As soon as we launched the first component of the automation, we saw an increase in our top-line compliance figure.
Uber Freight empowers shippers with a comprehensive suite of logistics solutions, combining advanced technology with an extensive carrier network to optimize every step of the freight lifecycle.
Their offerings include managed transportation services, tailored capacity planning, and tech-enabled shipper tools that leverage AI and machine learning for streamlined freight planning, procurement, and execution — and when their managed transportation arm needed a solution for managing their track and trace processes, they looked to Parabola.
The challenge
Use case 1
Uber Freight works with hundreds of customers, many of which have unique processes for how to manage updates and tracking throughout the shipping process. It’s important that Uber Freight can let their customers know where loads are at any given time.
To accomplish this, the team was working in pods. Each pod was responsible for tracking their customers’ shipments, reaching out to carriers when they were missing information in the transportation management system (TMS), and inputting it into systems so they could send out updates according to each customer’s standard operating procedure (or SOP). It was an extremely manual process, and there wasn’t a streamlined way to handle it.
Alastair Streitz, Senior Manager at Uber Freight, was in search of a fix for the two big challenges he was facing in this model: 1) a lack of information from carriers and 2) juggling dozens of unique processes.
“How do we, in a more centralized and programmatic way, pull the data out of the TMS, and instead of having 30 people all with their own slightly different excel macros and their different SOPs sending out check call requests, push those out through one system that’s configured to make sure we’re still taking a customer-centric approach to getting shipping updates?” Streitz wondered.
This is where Parabola came in.
The solution
Use case 2
Streitz set up Parabola to run the same process that Uber Freight was doing manually: At its simplest form, it’s asking the carrier to either push check call updates through the TMS or send over the information so the team can input it manually.
But getting that tedious, manual job off of the pods’ plates took building a really thoughtful Parabola Flow.
Here’s how it works: Parabola scrapes a purpose-built Uber Freight database that houses tracking-related load data, and ingests it into a Parabola table to see where there are SLA breaches.
From there:
Parabola dedupes the information to ensure that there are no duplicate requests to carriers. Since carriers receive a huge number of emails, making sure that they’re as focused and streamlined as possible can improve carrier response rates.

From there, a series of Parabola steps would compare that data against a Google Sheet with carrier contact information to determine who check call requests needed to be sent to.

Up next, the data is broken up by load into the pods that are responsible for updating the shipment information, and Parabola formats emails that will automatically be sent on their behalf detailing delinquent shipments to the responsible carriers.
Parabola calls the Front API, where those emails are then sent from.

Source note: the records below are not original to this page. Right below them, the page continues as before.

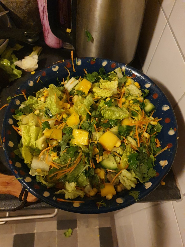 We jumped back to work with my kitchen fairy, and while I prepared the salad, she literally finished every single other thing.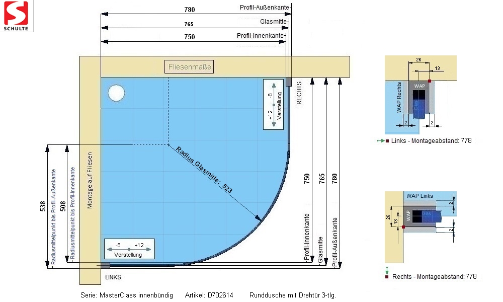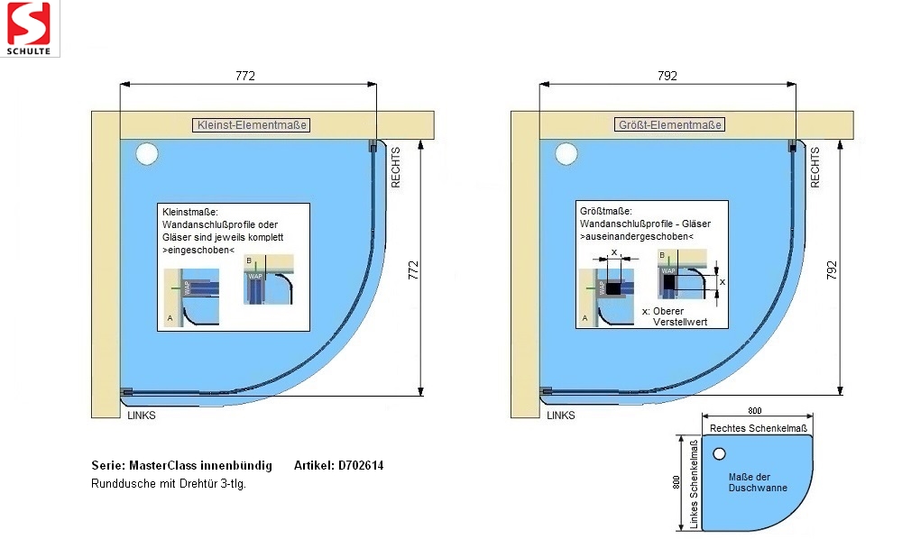 MasterClass - Runddusche, 3-teiligDuschkabinenserie MasterClass Die Serie MasterClass gilt als Luxusklasse der Marke Schulte. Die teilgerahmte Optik der Duschkabinen mit innenbündigen Scharnieren bietet den praktischen Vorteil, dass die Duschabtrennungen ausgesprochen pflegeleicht sind; Schmutz und Kalk können sich nur schwer absetzen. Außerdem ist eine ebenerdige beziehungsweise barrierefreie Montage auf Fliesen sowie eine Montage auf unseren Duschwannen bei allen MasterClass-Modellen möglich. Sie haben zudem die Wahl die Duschkabine mithilfe der mitgelieferten Montageanleitung selbst anzubringen oder unsere fachkundigen Monteure zu buchen.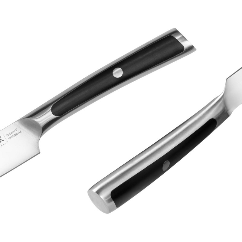 Нож универсальный, длина лезвия 12, 5см, толщина лезвия 1, 8мм, материал лезвия-нержавеющая сталь, материал рукояти-ударопрочный пластик, рекомендуется ручная мойка
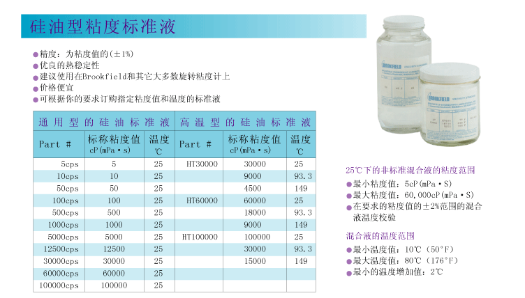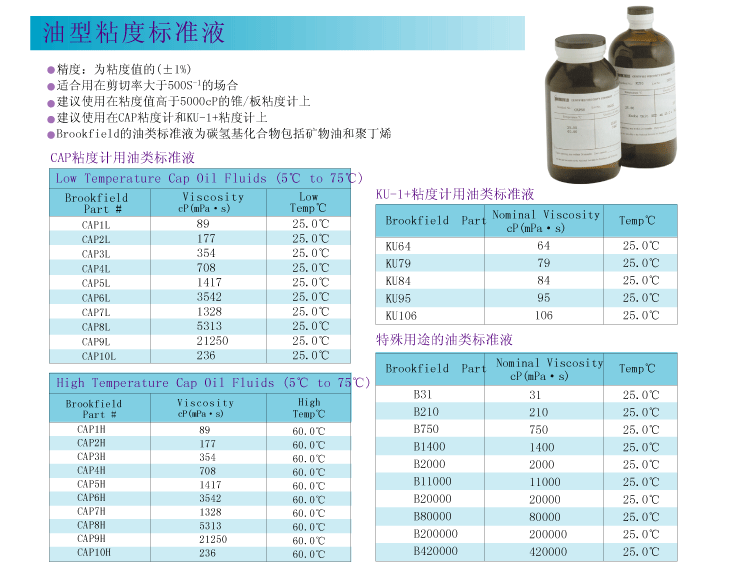 · Brookfield 的油類標準液為碳氫基化合物,包括礦物油和聚丁烯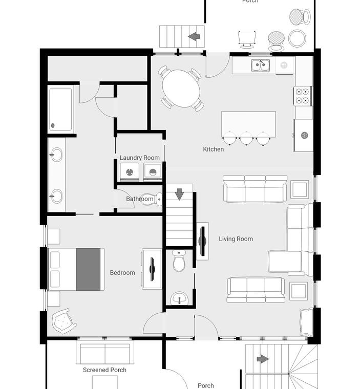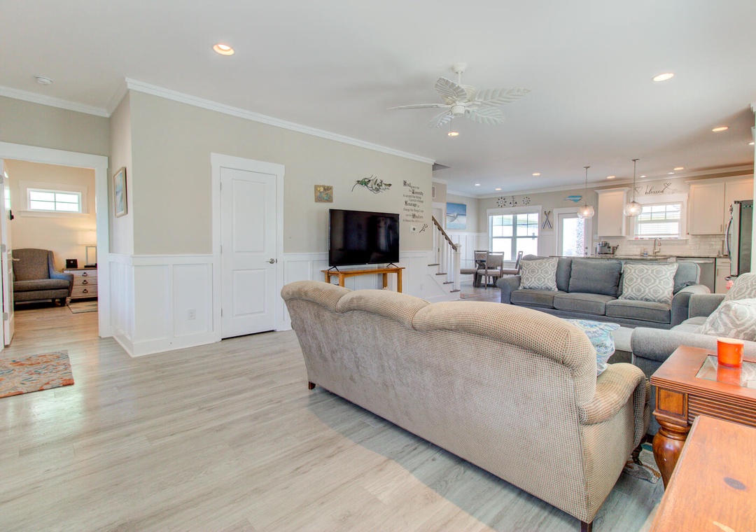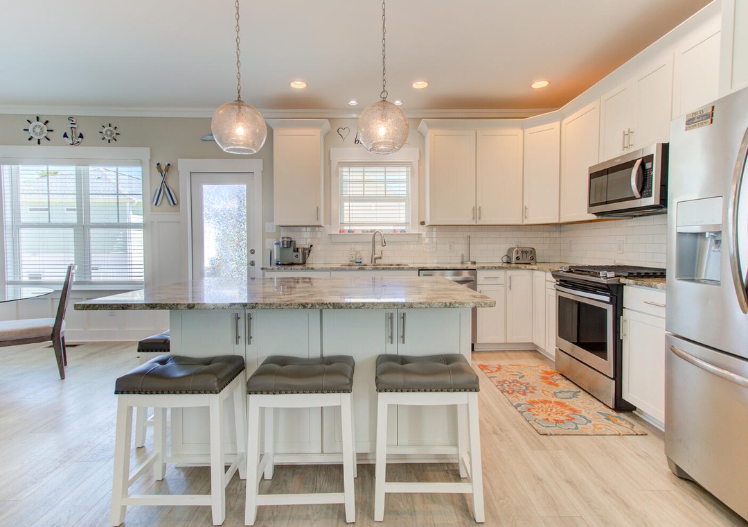 Welcome to Pool House! This modern, well-equipped 3-bedroom rental unit comfortably sleeps up to 10 guests. It features central heating and air conditioning, complimentary Wi-Fi, and a private pool with a picnic table. The property provides parking for six vehicles and an outdoor shower for added convenience. As a newly constructed home, it offers a screened-in front deck with four chairs, making it the perfect spot to relax and enjoy the surroundings. The kitchen and dining area, located on the second floor, include a dining table with seating for four, additional barstool seating for four, and a variety of appliances such as a refrigerator with an icemaker, coil cooktop stove, microwave, drip coffeemaker, toaster, and garbage disposal. Adjacent to the kitchen is the living room, which offers comfortable couch seating for nine, a flat-screen TV, and a ceiling fan for entertainment and relaxation.

That whole process, from figuring out which shipments are missing updates, to cleaning the data and formatting it into digestible tables, and even sending the emails from the pods in charge of the shipments, happens without any human intervention.
This has been a game changer for Uber Freight.
The results
Use case 3
The results of implementing this automated track and trace process were both quick and impactful. The Uber Freight team realized:
- An up-and-to-the-right improvement in check call compliance — the key unit of success for the team running track and trace
- Cost savings as a result of operational streamlining
- A central SOP with built-in configurability to meet customer expectations
- Ability to scale the operation seamlessly as business grows
“As soon as we launched the first component of the Parabola automation,” Streitz began, “we saw an increase in our top-line compliance figure, even in just a week.”
As a reminder: That’s that check call metric, or the number that indicates how consistently Uber Freight is getting updates from their carriers on time.
“We’ve seen sustained levels of high check call compliance, it’s almost like every week we hit a new all time best,” Streitz said.
In terms of overall operational improvements, the bandwidth the Uber Freight team was using to cater to numerous SOPs (and all of their unique data) for hundreds of customers has been freed up due to implementing a tried-and-tested process that works for serving most of their customers.
The freed-up bandwidth previously spent on routine, administratively heavy, and transactional tasks is now refocused to the most critical, service-intensive tracking exceptions to deliver a better experience to their customers.
Uber Freight is passionate about providing a white glove experience — and this allows their customers to get better, faster insights into their shipments and leads to the kind of experience they’re known for providing.
Working with Parabola
I could beat around the bush and summarize what Streitz said when I asked him about his experience implementing this Flow and onboarding Parabola in general, but I’ll just let him speak for himself here: “It was extremely smooth, especially considering we were working through a very complex, arduous use case. I was incredibly impressed with just how quickly the team would pick up exactly what we were trying to accomplish and build out either a sample of how we might accomplish it or just build it themselves.”
“I felt very, very confident that the Parabola team was building to my use case and that whenever we found something that needed to be tweaked, we could take it to them and they would answer any questions. 10/10 onboarding experience.”